┏━━
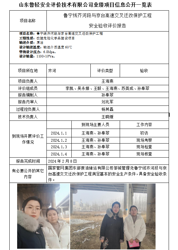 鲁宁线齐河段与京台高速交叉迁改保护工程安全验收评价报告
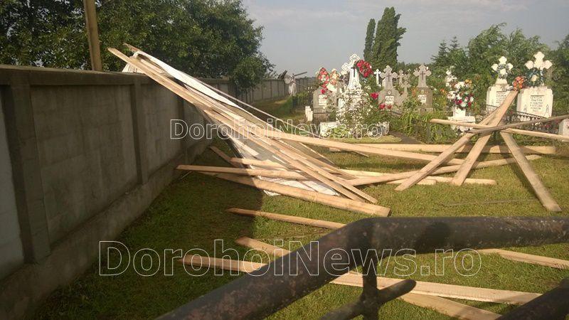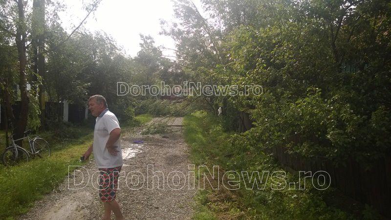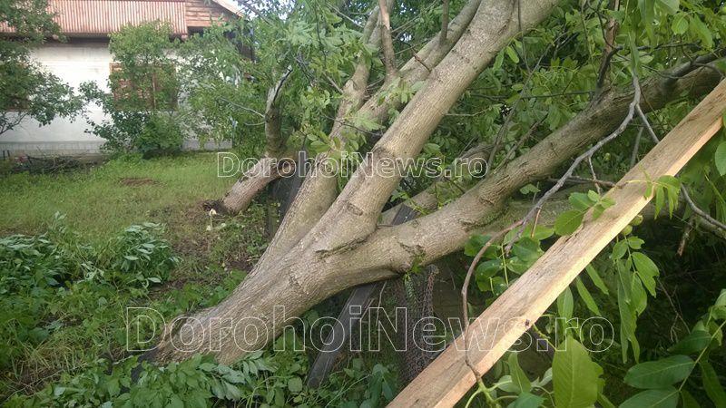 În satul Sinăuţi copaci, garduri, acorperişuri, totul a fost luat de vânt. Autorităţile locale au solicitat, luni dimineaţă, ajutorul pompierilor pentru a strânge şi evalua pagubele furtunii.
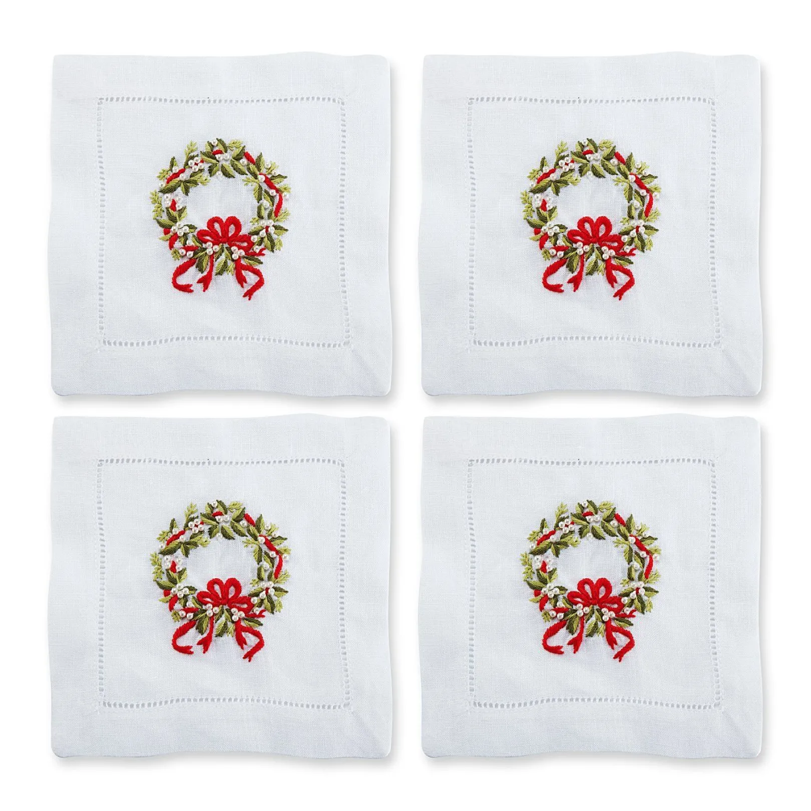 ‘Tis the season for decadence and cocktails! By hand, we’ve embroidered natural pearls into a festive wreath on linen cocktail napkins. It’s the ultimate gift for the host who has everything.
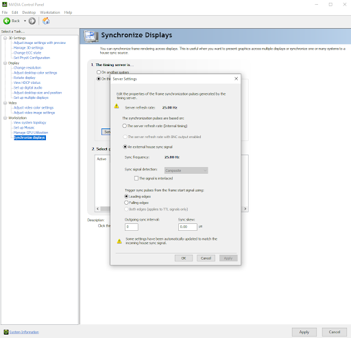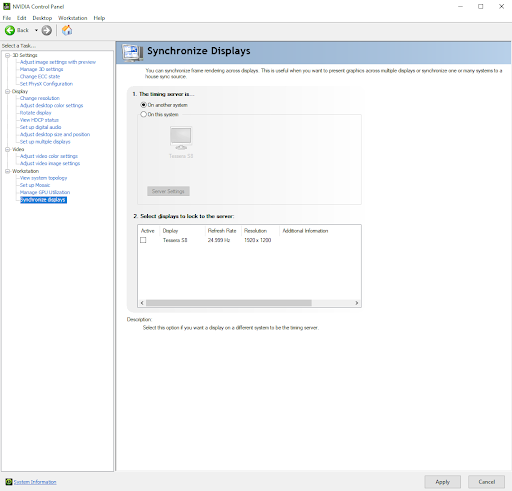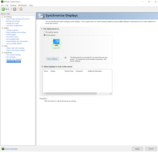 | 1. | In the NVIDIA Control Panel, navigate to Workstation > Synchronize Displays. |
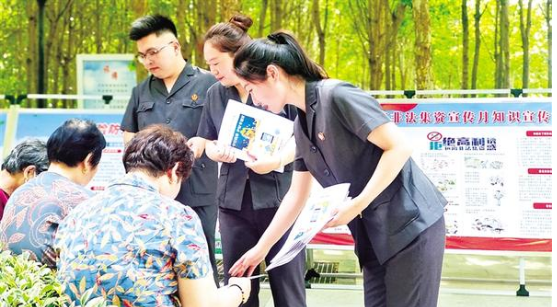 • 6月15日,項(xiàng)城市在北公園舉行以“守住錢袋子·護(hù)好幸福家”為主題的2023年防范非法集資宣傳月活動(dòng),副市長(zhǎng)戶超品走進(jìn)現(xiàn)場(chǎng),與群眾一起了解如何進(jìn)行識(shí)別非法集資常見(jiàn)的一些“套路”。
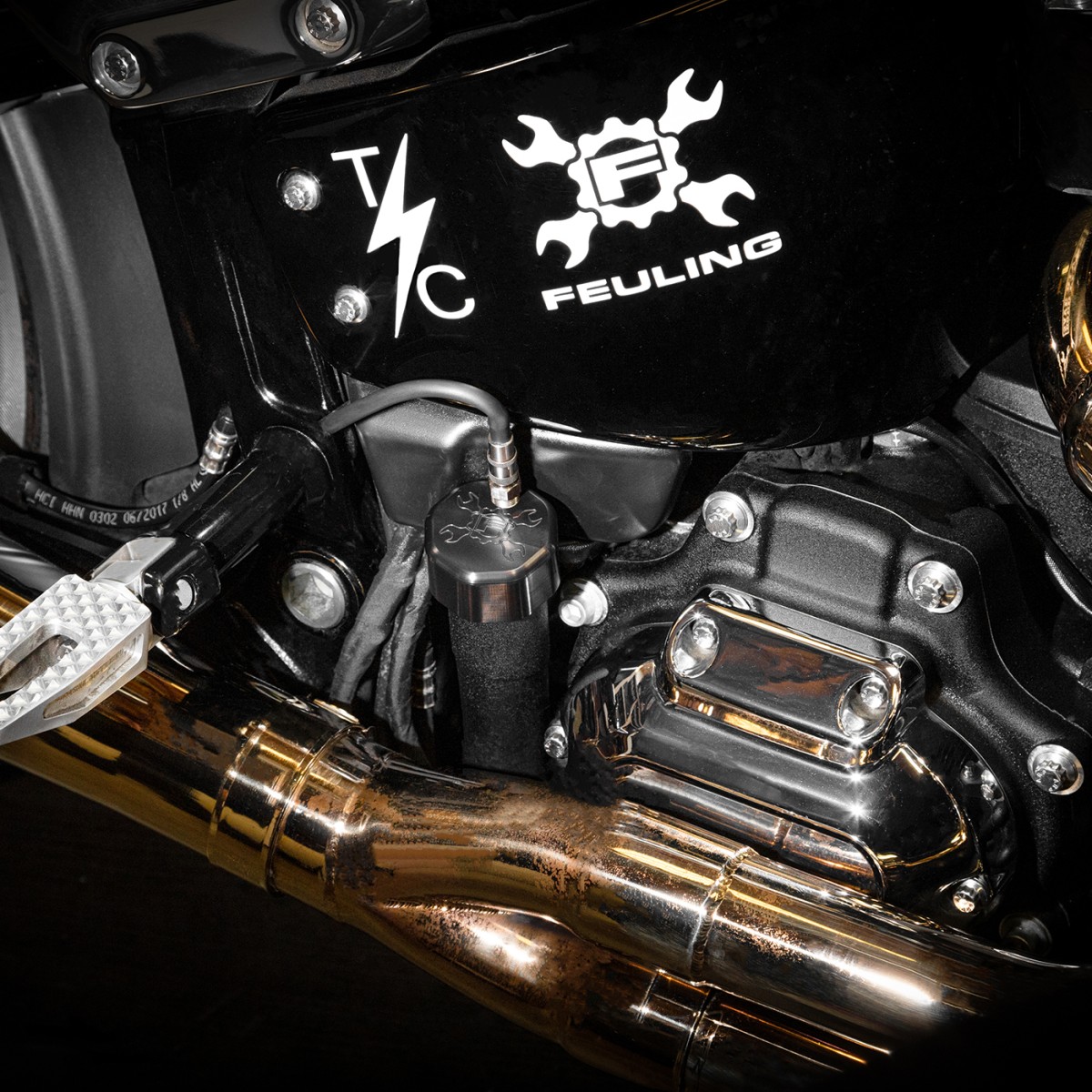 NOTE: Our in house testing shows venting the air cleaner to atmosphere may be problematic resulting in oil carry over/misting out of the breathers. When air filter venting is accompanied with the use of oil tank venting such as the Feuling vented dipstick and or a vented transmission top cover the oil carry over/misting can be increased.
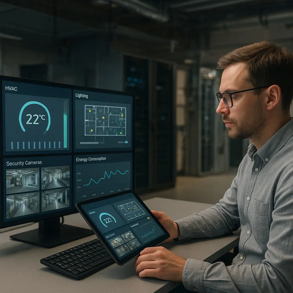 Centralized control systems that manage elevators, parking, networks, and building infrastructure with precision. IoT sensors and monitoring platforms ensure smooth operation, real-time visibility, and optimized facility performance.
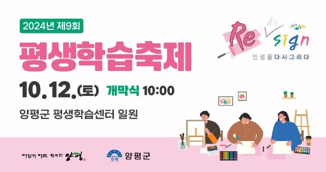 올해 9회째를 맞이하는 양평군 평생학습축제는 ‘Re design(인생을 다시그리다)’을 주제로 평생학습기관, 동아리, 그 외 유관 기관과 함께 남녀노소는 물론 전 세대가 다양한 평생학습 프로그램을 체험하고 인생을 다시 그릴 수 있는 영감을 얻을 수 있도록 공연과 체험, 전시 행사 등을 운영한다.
┗━━
┏━━
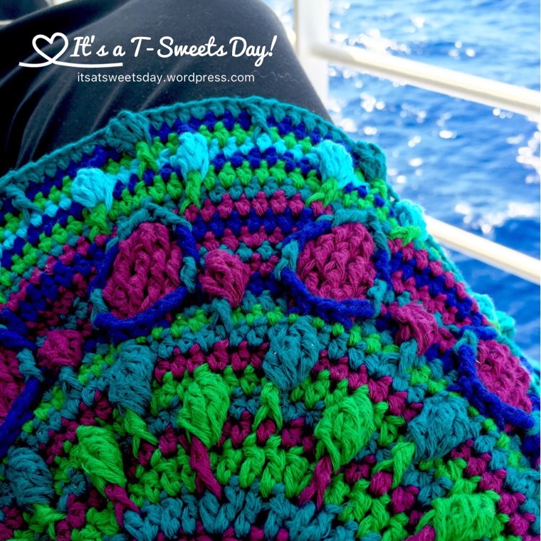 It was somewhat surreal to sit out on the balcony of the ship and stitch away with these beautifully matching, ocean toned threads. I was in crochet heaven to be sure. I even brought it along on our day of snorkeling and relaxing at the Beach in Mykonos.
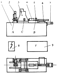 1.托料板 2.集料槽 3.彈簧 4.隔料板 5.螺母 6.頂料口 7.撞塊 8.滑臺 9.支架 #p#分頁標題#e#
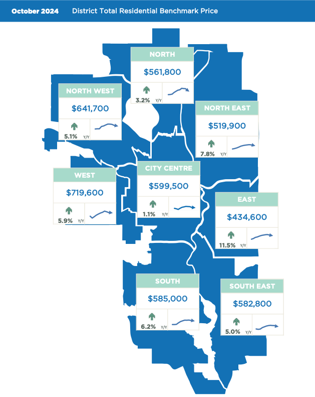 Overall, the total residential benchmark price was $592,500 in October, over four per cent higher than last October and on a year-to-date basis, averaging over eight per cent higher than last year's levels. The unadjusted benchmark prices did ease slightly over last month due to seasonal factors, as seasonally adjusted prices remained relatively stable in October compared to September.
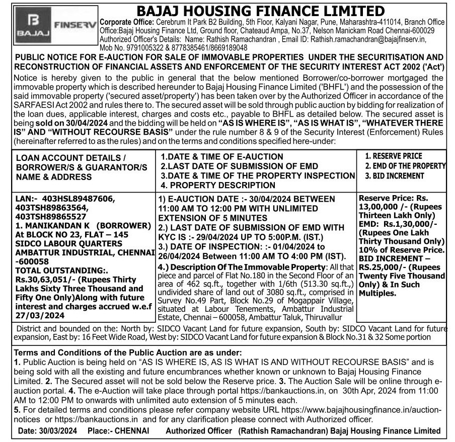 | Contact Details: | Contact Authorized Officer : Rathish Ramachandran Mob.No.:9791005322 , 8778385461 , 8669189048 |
┗━━
**What you should do:**
For this exercise, please set down exactly the lines of the listing above from the line with "În satul Sinăuţi" up to and including the line with "올해 9회째를 맞이하는", and no pictures.

**Solution for this problem:**
 În satul Sinăuţi copaci, garduri, acorperişuri, totul a fost luat de vânt. Autorităţile locale au solicitat, luni dimineaţă, ajutorul pompierilor pentru a strânge şi evalua pagubele furtunii.
 ‘Tis the season for decadence and cocktails! By hand, we’ve embroidered natural pearls into a festive wreath on linen cocktail napkins. It’s the ultimate gift for the host who has everything.
 | 1. | In the NVIDIA Control Panel, navigate to Workstation > Synchronize Displays. |
 • 6月15日,項(xiàng)城市在北公園舉行以“守住錢袋子·護(hù)好幸福家”為主題的2023年防范非法集資宣傳月活動(dòng),副市長(zhǎng)戶超品走進(jìn)現(xiàn)場(chǎng),與群眾一起了解如何進(jìn)行識(shí)別非法集資常見(jiàn)的一些“套路”。
 NOTE: Our in house testing shows venting the air cleaner to atmosphere may be problematic resulting in oil carry over/misting out of the breathers. When air filter venting is accompanied with the use of oil tank venting such as the Feuling vented dipstick and or a vented transmission top cover the oil carry over/misting can be increased.
 Centralized control systems that manage elevators, parking, networks, and building infrastructure with precision. IoT sensors and monitoring platforms ensure smooth operation, real-time visibility, and optimized facility performance.
 올해 9회째를 맞이하는 양평군 평생학습축제는 ‘Re design(인생을 다시그리다)’을 주제로 평생학습기관, 동아리, 그 외 유관 기관과 함께 남녀노소는 물론 전 세대가 다양한 평생학습 프로그램을 체험하고 인생을 다시 그릴 수 있는 영감을 얻을 수 있도록 공연과 체험, 전시 행사 등을 운영한다.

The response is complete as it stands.